-------- Exercise materials
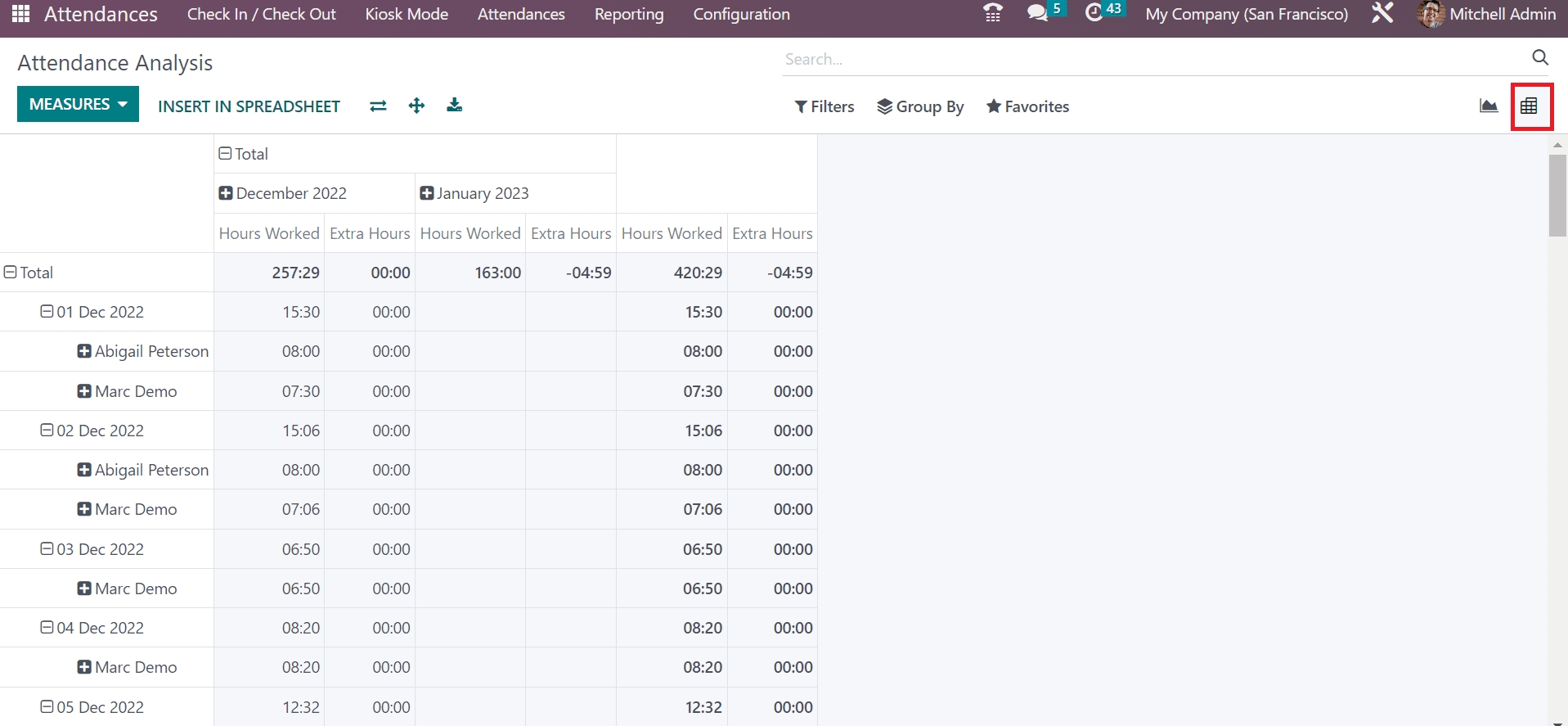 In the Pivot view, the user can see the pivot table that defines the total working hours of each employee separately. Based on each month, the user can identify the real working time of a worker in the company.
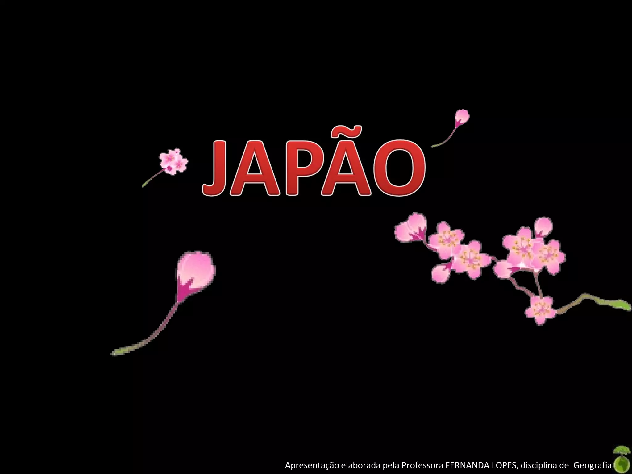 O documento descreve as principais características geográficas e históricas do Japão. O país é composto por milhares de ilhas vulcânicas localizadas na região do Círculo de Fogo do Pacífico, incluindo as quatro maiores ilhas de Hokkaido, Honshu, Shikoku e Kiushu. A atividade sísmica e vulcânica são frequentes devido ao movimento das placas tectônicas. A sociedade japonesa evoluiu de comunidades isoladas para um sistema feudal governado por
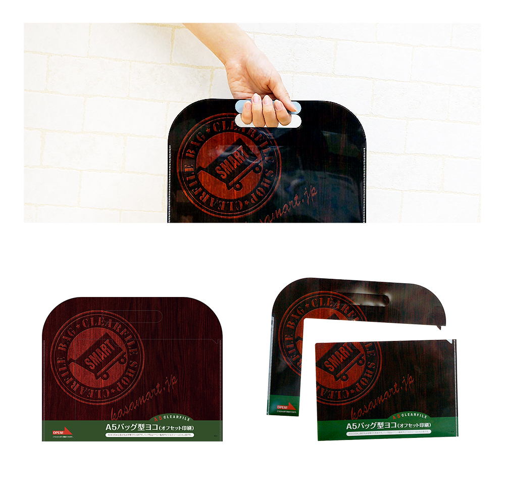 手提げバッグ型のクリアファイル。A5横長タイプ。
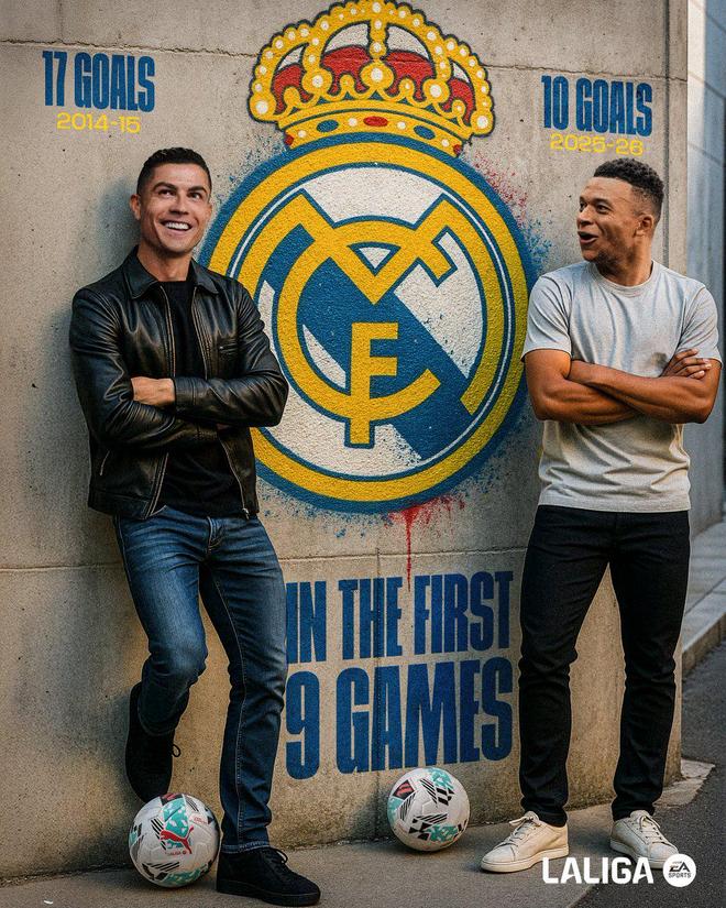 - 西甲 | 自C罗以来,姆巴佩是首位西甲赛季前9场进球上双的皇马球员
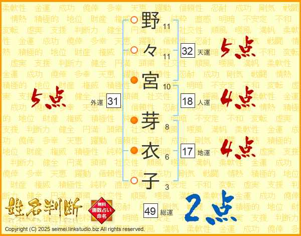 野(11画)々(11画)宮(10画) 芽(8画)衣(6画)子(3画)
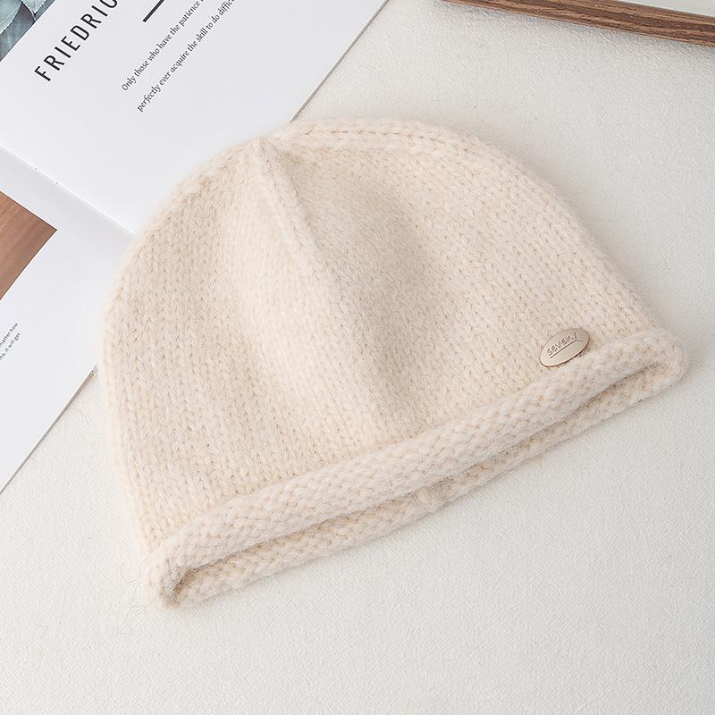 Новый стиль Осень/Зима Шляпа Женская Шляпа Денди Металлическое украшение Шапки Бини для Девочки Теплая Уличная Вязаная Шапка 56cm-60cm бежевый
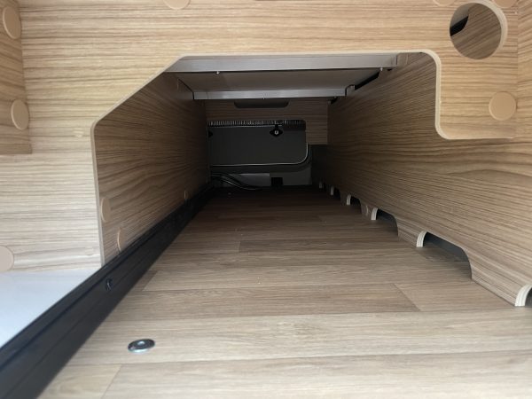 The large, insulated, walk-through locker lets you store your belongings without risk. Thanks to the raised twin beds above, the storage area boasts excellent height, ideal for transporting tall and bulky items. The doors are fitted with compression locks on double seals, ensuring water and air tightness. Thanks to the Al-Ko chassis, you’ll have a 20 cm-through double floor, offering thermal comfort as well as additional storage areas, thanks to additional external and internal hatches.
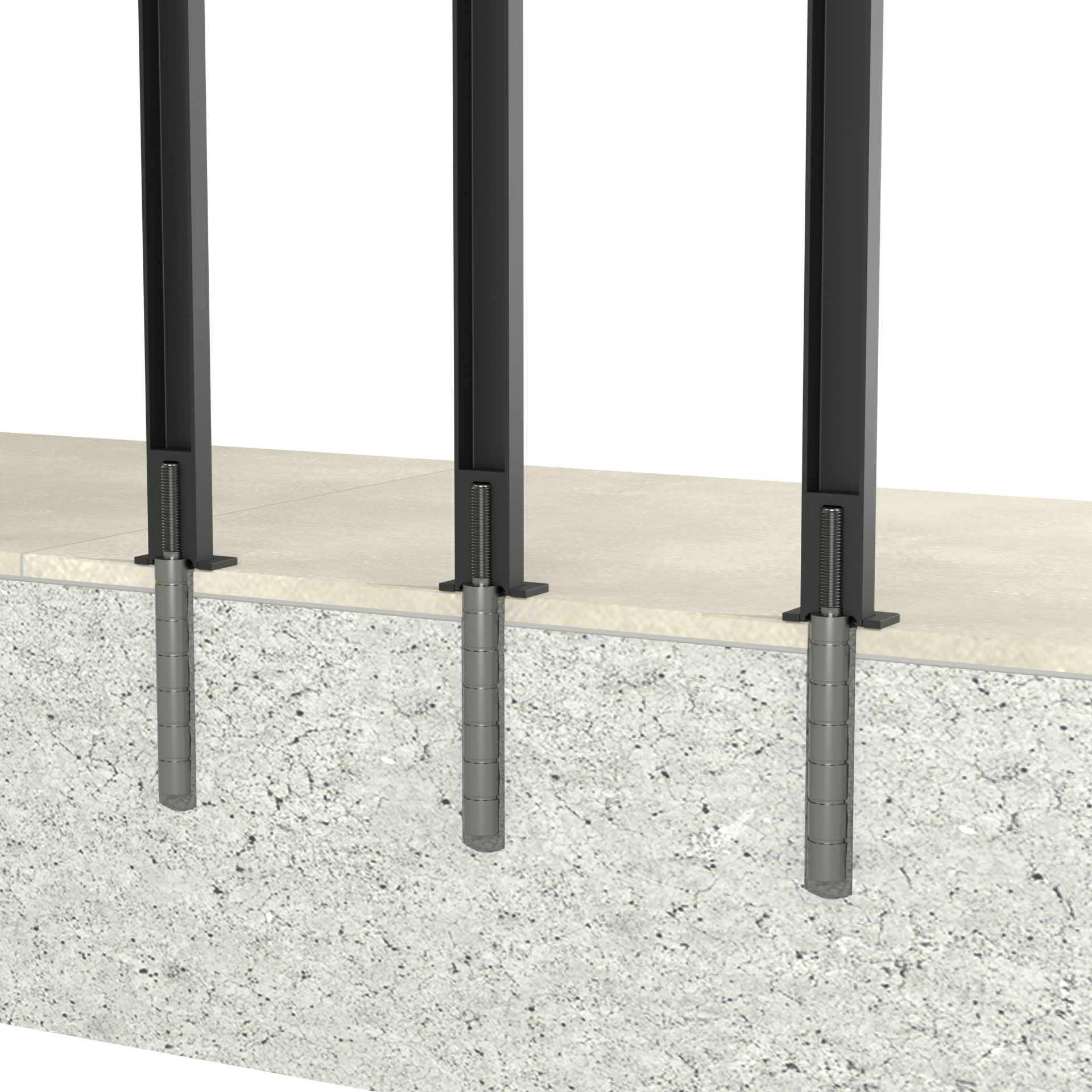 Im Betonuntergrund muss ein Loch mit einem Durchmesser von 18–20 mm vorbereitet werden, in dem ein Stahlanker mit 16 mm Durchmesser mit Injektionsmörtel (exklusiv) chemisch verankert wird.
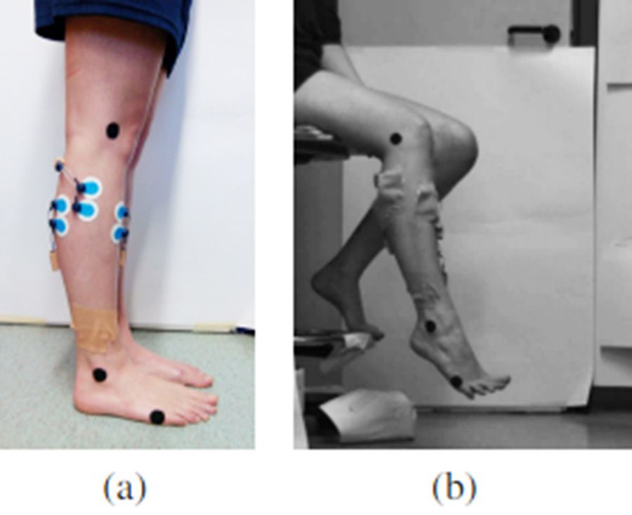 跖屈的動作通過相機記錄,3個循環標記點分別放在腓骨上端、外側踝和第五跖骨,如圖所示。
----------------
Assigned task
Transcribe only the lines above that start at the line containing "- 西甲 | 自C罗以来,姆巴佩是首位西甲赛季前9场进球上双的皇马球员" and end at the line containing "Новый стиль Осень/Зима". Omit pictures.

Solved problem
 - 西甲 | 自C罗以来,姆巴佩是首位西甲赛季前9场进球上双的皇马球员
 野(11画)々(11画)宮(10画) 芽(8画)衣(6画)子(3画)
 Новый стиль Осень/Зима Шляпа Женская Шляпа Денди Металлическое украшение Шапки Бини для Девочки Теплая Уличная Вязаная Шапка 56cm-60cm бежевый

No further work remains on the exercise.